We approached the firms directly and asked, what do you have in terms of documentation? At first most of them responded with, ‘old stuff? We don’t have old stuff!’ We actually forced them to dig up old papers and materials to see what they could find. It’s an important two-way process because the firms, architects or their families, have to trust us with these things, as they can be considered of great personal significance. The Hong Kong architecture archive is almost all acquired by donation.

The collecting process was quite serendipitous in that we couldn’t control what we found. If we knew that something is the only thing available, we just took it. It’s led to us having, for example, untitled drawings and photographs that are not yet identified. Hopefully, in the future, researchers can access the archives and decipher what they actually are.

What was the first object in the Collection Archives?

Pencil and ink drawing on transparent paper showing details of an architectural plan.

Frank Lloyd Wright (American, 1867–1959), Drawing, stonework (possibly a stair), Imperial Hotel (1916–1923), Tokyo, Japan, [circa 1918], pencil and ink on transparent paper. M+, Hong Kong. © 2018, Frank Lloyd Wright Foundation

Shirley: The very first objects to enter the Collection Archives were the six drawings of Imperial Hotel in Tokyo from around 1920 by Frank Lloyd Wright. They’re very detailed drawings on tracing paper, of things like the stone carving for a stairwell. They show Wright’s system-ornamental approach to designing everything down to the smallest details. The second set of objects that entered the Collection Archives were part of the Hong Kong architecture collections.

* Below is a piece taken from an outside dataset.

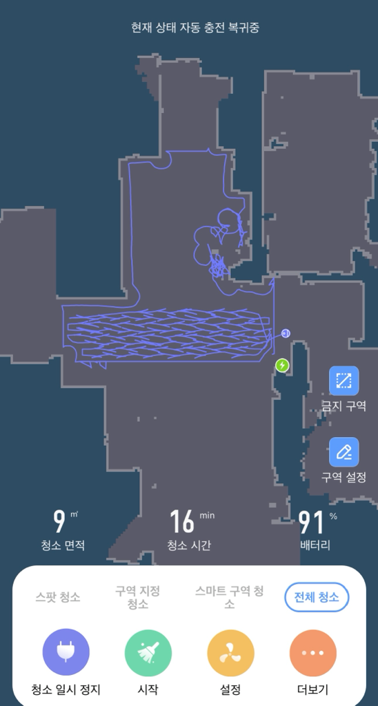 며칠 전부터 청소기를 돌리면 처음에는 정상적으로 잘 작동하다가 몇분 돌리다보면 오류? 현상이 일어납니다.

Do you have any favourite group of materials in the Collection Archives?

Photograph of a white mosque in a park-like area with a round, wavy roof with eight minarets.

Architectural Firm: Malayan Architects Co-Partnership (established Singapore, 1961); Publisher: Great Wall Photographers, Postcard, Seremban State Mosque (1962–1967), Seremban, Malaysia, [circa 1967], print on card. M+, Hong Kong. Gift of Architects Team 3, 2015

Kevin: I do! My favourite is the Architects Team 3 collection, acquired by Shirley, which was an architectural firm based in Singapore and Malaysia. It consists of materials documenting the works of Architects Team 3, preceded by Malayan Architects Co-partnership, both co-founded by Penang-based Lim Chong Keat from the late 1950s to the late 1980s. I saw Lim speak at the University of Hong Kong; he’s a wonderful speaker and seems to be a very visionary and thoughtful architect.

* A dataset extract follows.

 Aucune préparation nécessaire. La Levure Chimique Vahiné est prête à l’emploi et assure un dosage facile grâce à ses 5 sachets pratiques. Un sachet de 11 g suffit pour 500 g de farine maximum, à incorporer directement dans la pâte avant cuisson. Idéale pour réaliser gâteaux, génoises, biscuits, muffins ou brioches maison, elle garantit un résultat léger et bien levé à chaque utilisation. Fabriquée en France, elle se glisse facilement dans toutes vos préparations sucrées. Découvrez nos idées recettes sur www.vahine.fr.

It’s a collection of fragments; it’s not a full narrative or chronological story of everything they built, but it shows the nature of archives that don’t always come together complete or organised. We acquire what we can find, and make sense of it as it enters the collection. It also exemplifies the visual nature of the archival collection we hold, with many sketches, drawings, and photographs.

Having traveled myself through Southeast Asia and through Singapore, it’s great seeing the designs and processes behind the buildings that basically revolutionised Singapore in the 1960s. I think it’s a really fascinating collection; I hope that people will see it in the upcoming exhibition In Search of Southeast Asia through the M+ Collections, and that it will become a good research resource in the future.

Shirley: I agree with Kevin about the Architects Team 3 archive. It was a fortuitous discovery— stumbling upon the materials in boxes left unattended at the office no longer headed by the original directors of the firm—but also a significant one as the materials document the firm’s role in designing the buildings that represented the post-colonial economic and political independence of Singapore and Malaysia.

Photograph of an architectural rendering of a long building with a flat roof in a park-like area with people walking around it.

Wang Dahong / 王大閎 (Taiwanese, born Beijing,1917), Photographs, exterior rendering, competition submission for the National Palace Museum, Taipei, Taiwan, [circa 1961], gelatin silver prints. M+, Hong Kong. Gift of Family of Wang Dahong, 2015. © Wang Dahong / 王大閎

It’s hard to say what a ‘favourite’ archive is, but there are some archives we’re especially grateful to have acquired. For example, the materials of Taiwan’s pioneering architect, Wang Dahong; especially since they consist of his essays, sketchbooks, and photographs.

Wang Chiu-hwa: Architect in a Qipao
Wang Chiu-hwa: Architect in a Qipao

Interview with Wang Chiu-hwa, conducted by Shirley Surya in 2017

Video Transcript

(Original language Mandarin)

WANG CHIU-HWA: [Mandarin] I wore a qipao most of the time when I was in the United States. So [sometimes] when I paid a visit to a construction site-

INTERVIEWER: [Mandarin] Were they all shocked?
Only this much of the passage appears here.